Dr. Tinsley says that it’s unsurprising so many people are finding the third lockdown harder than the first. “The global death toll is 2.6 million, nearly a million people in Britain have lost their jobs, and we seem to be trapped in a cycle of lockdown, reopening and COVID spikes,” she says. “In the midst of all this, it’s hard to see lockdown as a temporary measure that serves a purpose.”

She continues: “Perhaps what nostalgia for the first lockdown really tells us is that for many people, the current lockdown seems unclear, monotonous, and isolating. Nostalgia doesn’t really tell us about the past at all – it tells us about the present.”

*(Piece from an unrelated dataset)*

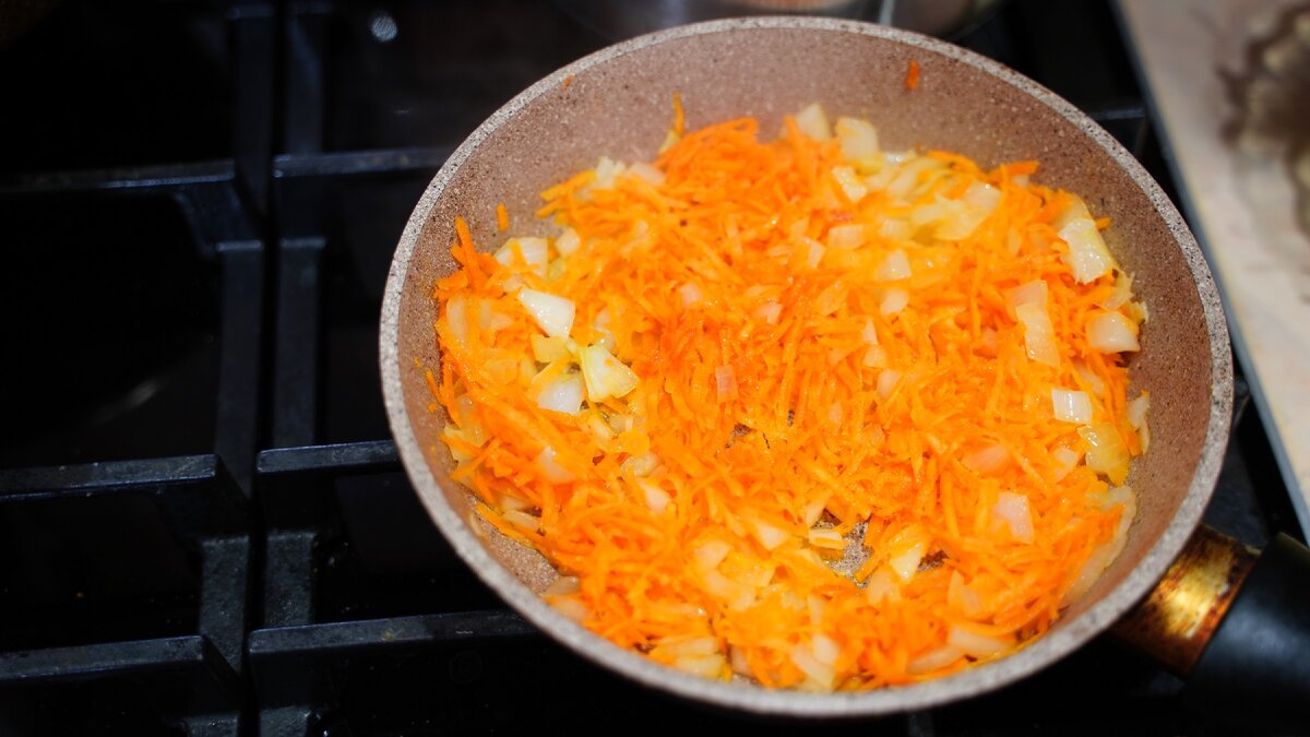 Для начала обжарим мелко нарезанный лук и морковь, натертую на мелкой терке.

Despite the UK’s rapid vaccine rollout and a clear end date for lockdown, collective optimism is a lot more scarce than it was in March 2020. And for some, the news about the 21st of June isn’t exactly welcome. Robyn in particular feels anxious about lockdown lifting. “I feel like I’m totally out of touch with socialising because I haven’t seen a friend properly since September,” she says. “I feel anxious that I’m going to get left behind.”

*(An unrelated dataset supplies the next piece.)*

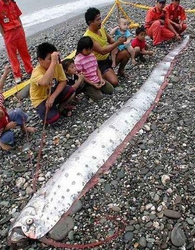 Рыба называется Сельдяной король. Считается, что если поймать её, то начнутся цунами, землетрясение и другие катастрофы.

Izzie is also apprehensive about the proposed end of lockdown. “I don’t want to get COVID,” she says. “I feel like my anxiety about being around people is going to be a lot worse as I’ve not even been into a shop. I’ve got so used to lockdown now that I really can’t imagine what it’s going to be like when it ends.”

The general public aren’t the only ones who have been looking backwards, not forwards. Dr. Tinsley makes the point that it is unsurprising that the government, under fire for mismanaging the crisis, has appealed to nostalgia.

“Two of the most pervasive, public forms of nostalgia in Britain today are Blitz nostalgia and imperial nostalgia. Both of them fondly recall periods of horrific violence, death and destruction. The only way to feel nostalgic about the British Empire, or the Second World War, is to rewrite history,” she says. “And that’s exactly what nostalgia does.” Arguably, looking back at the first lockdown with fondness is precisely what the government wants. If we focus on clapping for the NHS and the resurgence of “Blitz spirit”, we’re prone to forgetting the PPE shortages, the failed track and trace system, the fact that Johnson missed five emergency Cobra meetings.

Dr. Tinsley adds that “nostalgia also provides a distraction from the scale of death.” So, while it may be tempting to yearn for the comfort of daily walks and Tiger King marathons, it’s vital that we keep alive the memory of the 126,000 people that have died in the UK as a result of the government’s mishandling of the pandemic.